Everything from the line with "X says The best" to the last line of the listing must be retyped exactly, both ends included, with the pictures dropped.

::: Data in this exercise :::

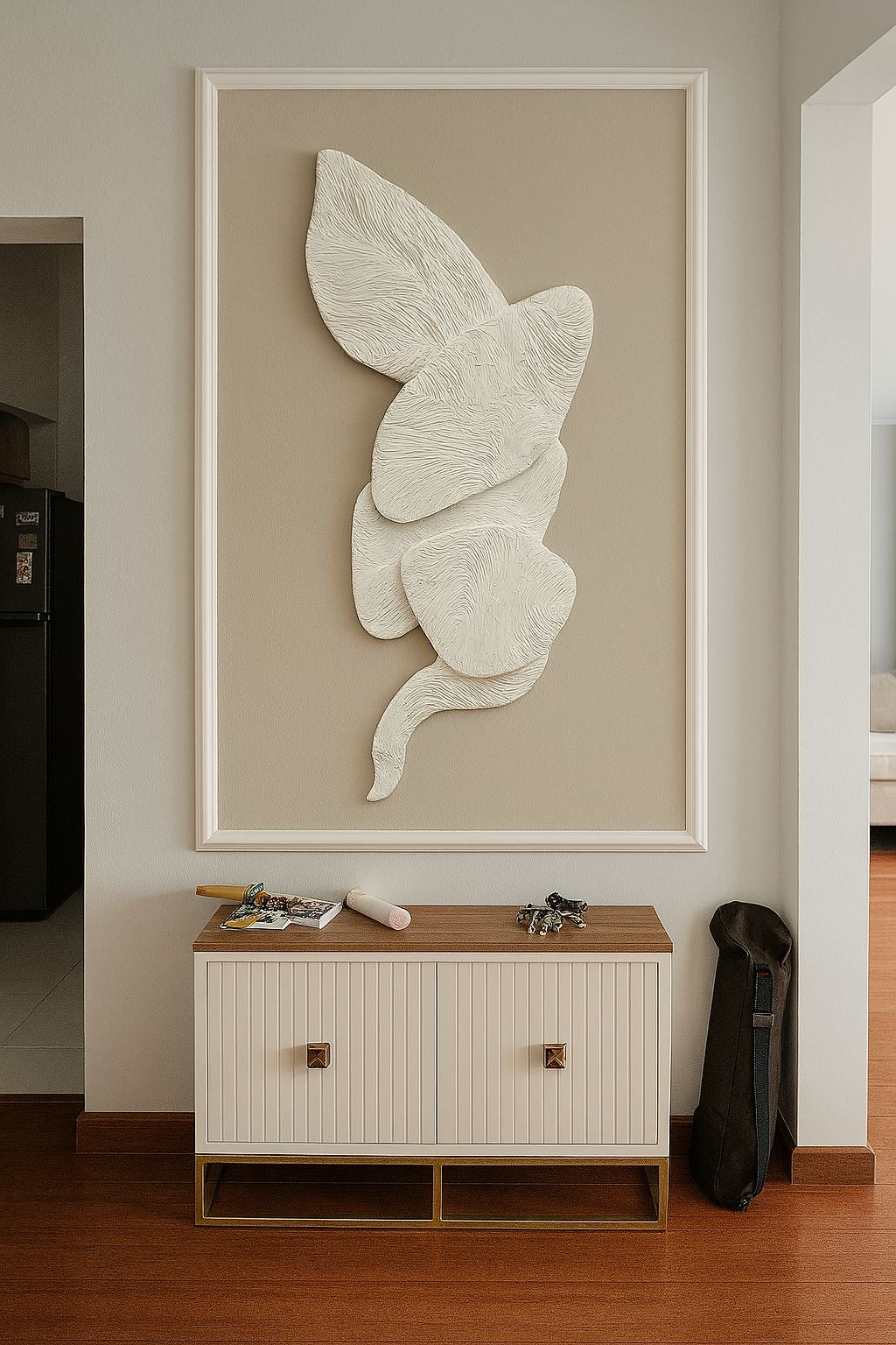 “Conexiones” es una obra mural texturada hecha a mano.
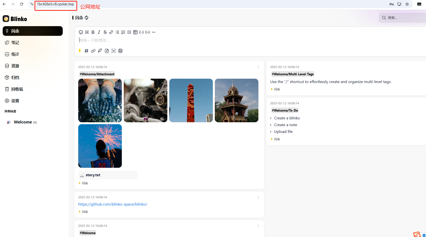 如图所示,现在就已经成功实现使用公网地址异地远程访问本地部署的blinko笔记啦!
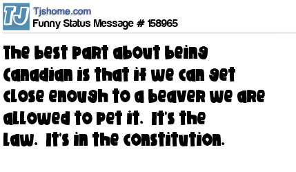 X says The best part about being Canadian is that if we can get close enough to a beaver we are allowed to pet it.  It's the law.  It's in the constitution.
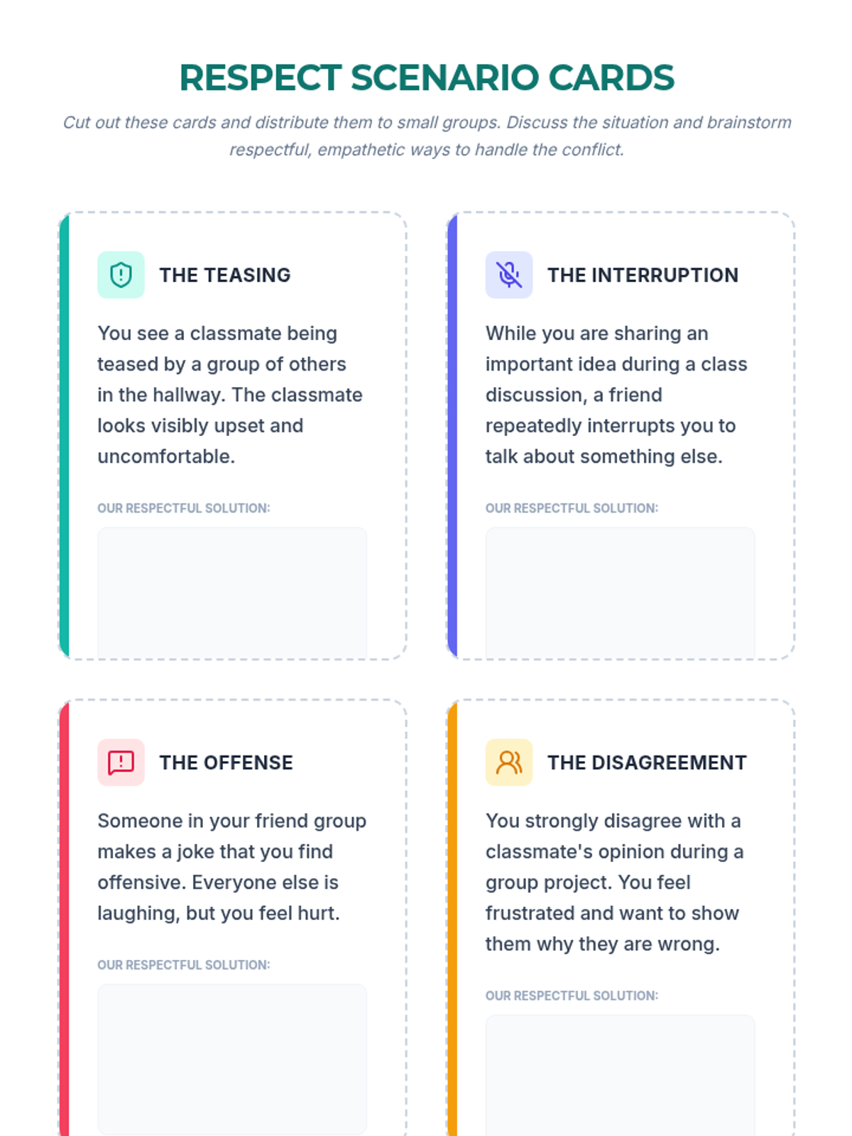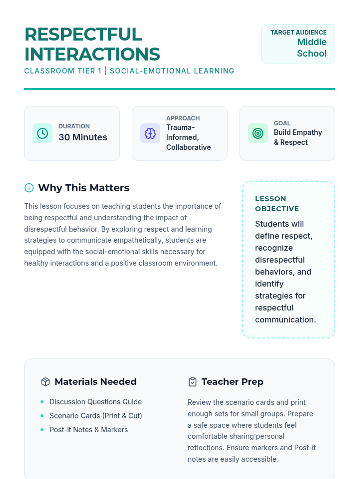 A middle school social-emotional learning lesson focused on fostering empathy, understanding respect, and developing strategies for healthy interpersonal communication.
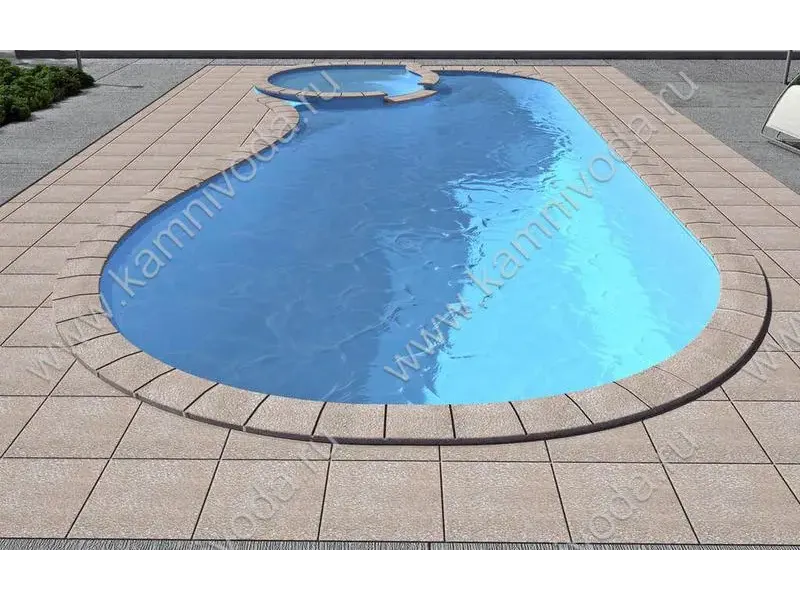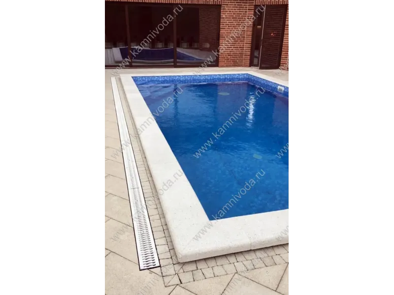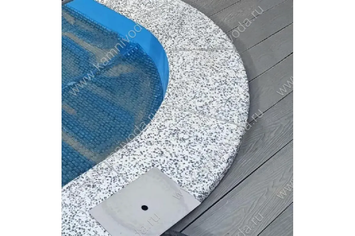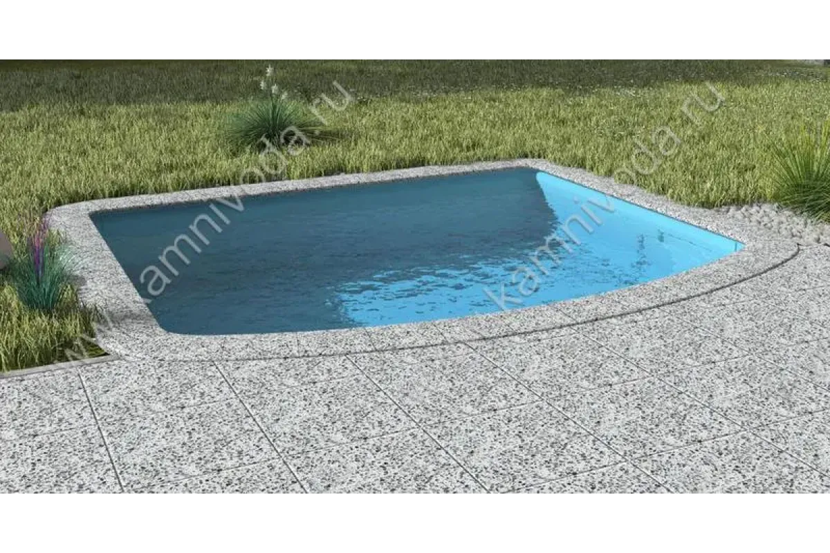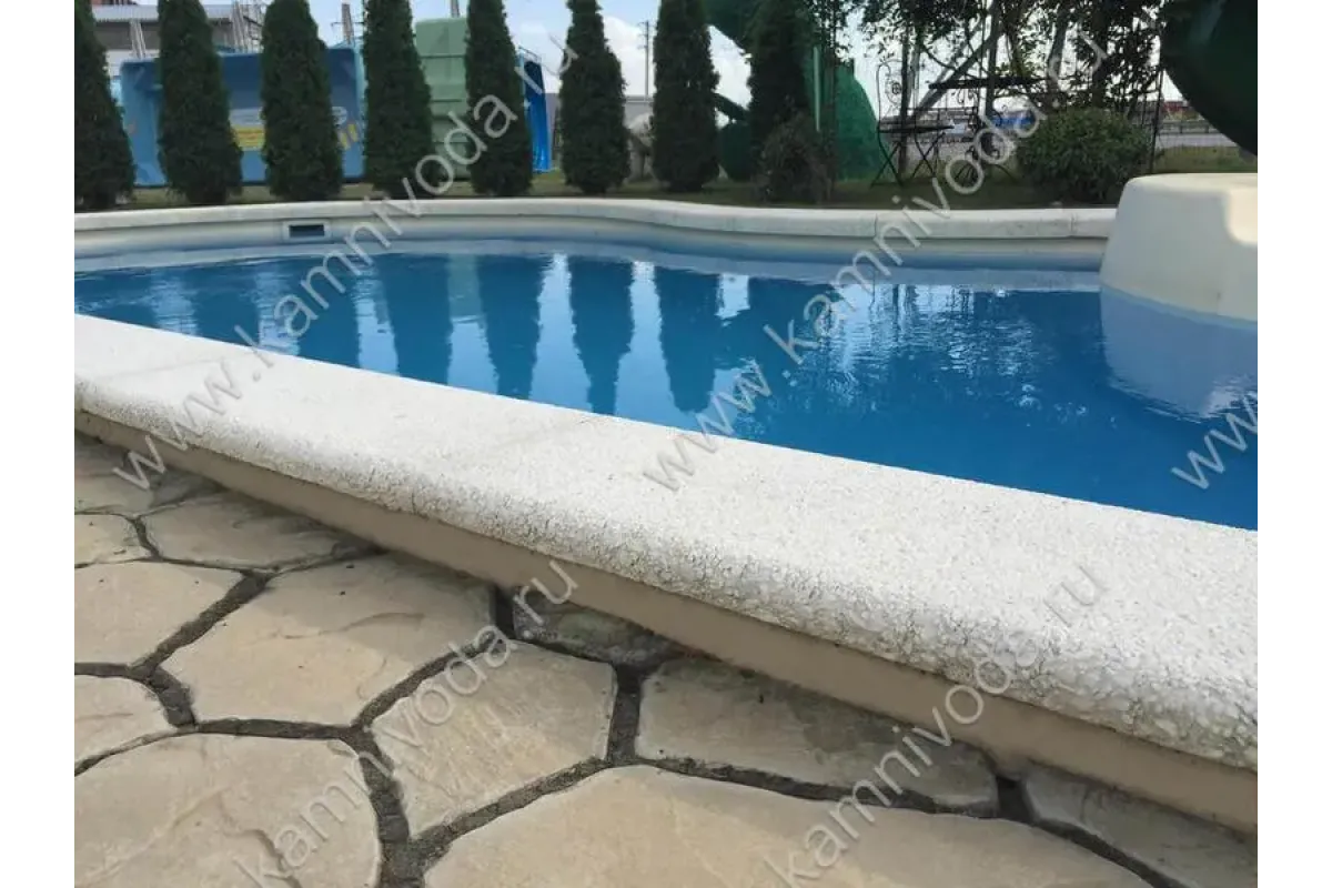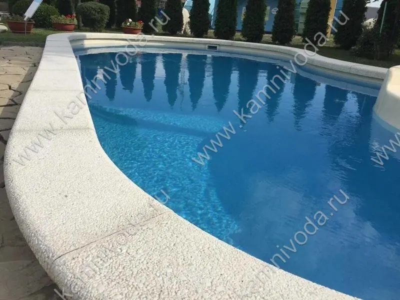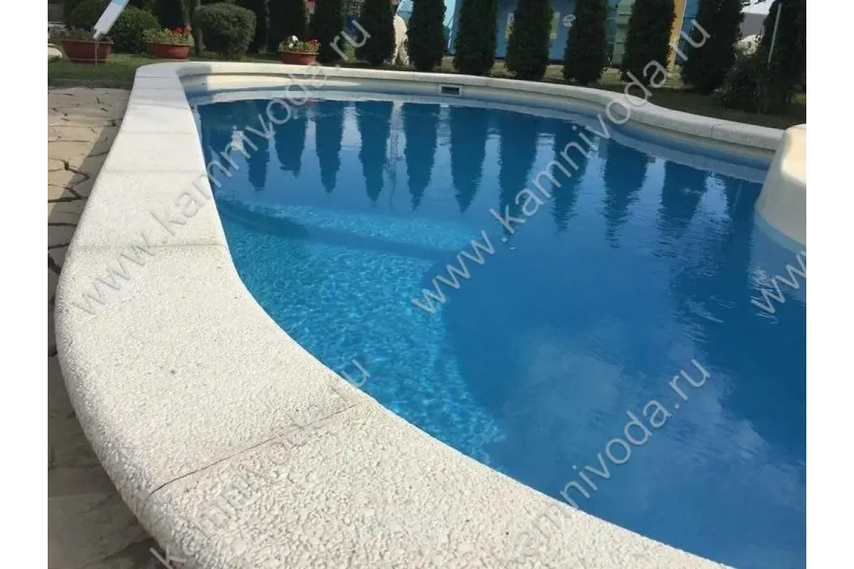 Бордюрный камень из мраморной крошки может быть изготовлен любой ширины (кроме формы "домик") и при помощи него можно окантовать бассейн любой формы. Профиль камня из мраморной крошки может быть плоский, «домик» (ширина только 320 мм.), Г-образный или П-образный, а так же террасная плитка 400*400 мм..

:::

Exercise solution:
 X says The best part about being Canadian is that if we can get close enough to a beaver we are allowed to pet it.  It's the law.  It's in the constitution.
 A middle school social-emotional learning lesson focused on fostering empathy, understanding respect, and developing strategies for healthy interpersonal communication.
 Бордюрный камень из мраморной крошки может быть изготовлен любой ширины (кроме формы "домик") и при помощи него можно окантовать бассейн любой формы. Профиль камня из мраморной крошки может быть плоский, «домик» (ширина только 320 мм.), Г-образный или П-образный, а так же террасная плитка 400*400 мм..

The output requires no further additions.